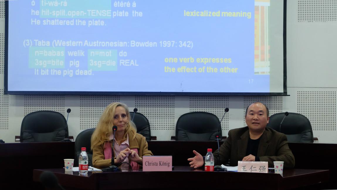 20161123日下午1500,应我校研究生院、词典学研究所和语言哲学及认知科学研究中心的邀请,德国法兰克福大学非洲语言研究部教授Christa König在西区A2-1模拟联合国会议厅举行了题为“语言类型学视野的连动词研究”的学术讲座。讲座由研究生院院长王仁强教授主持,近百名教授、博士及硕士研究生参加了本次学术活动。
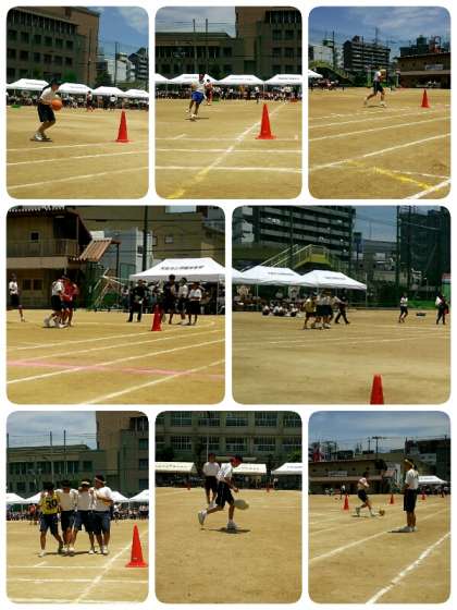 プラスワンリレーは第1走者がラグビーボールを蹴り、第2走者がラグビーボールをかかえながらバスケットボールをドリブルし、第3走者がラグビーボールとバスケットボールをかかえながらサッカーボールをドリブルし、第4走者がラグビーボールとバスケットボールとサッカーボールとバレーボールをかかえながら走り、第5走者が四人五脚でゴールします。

——

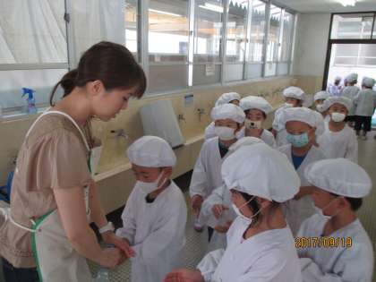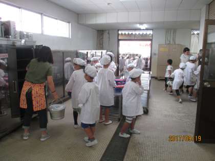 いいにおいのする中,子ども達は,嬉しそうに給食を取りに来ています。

——

ACTIVITY. Copy out exactly the lines above beginning with the line that contains "20161123日下午150" and finishing with the line that contains "プラスワンリレーは第1走者が", including both; leave the pictures out.

ANSWER SPACE.
 20161123日下午1500,应我校研究生院、词典学研究所和语言哲学及认知科学研究中心的邀请,德国法兰克福大学非洲语言研究部教授Christa König在西区A2-1模拟联合国会议厅举行了题为“语言类型学视野的连动词研究”的学术讲座。讲座由研究生院院长王仁强教授主持,近百名教授、博士及硕士研究生参加了本次学术活动。
 プラスワンリレーは第1走者がラグビーボールを蹴り、第2走者がラグビーボールをかかえながらバスケットボールをドリブルし、第3走者がラグビーボールとバスケットボールをかかえながらサッカーボールをドリブルし、第4走者がラグビーボールとバスケットボールとサッカーボールとバレーボールをかかえながら走り、第5走者が四人五脚でゴールします。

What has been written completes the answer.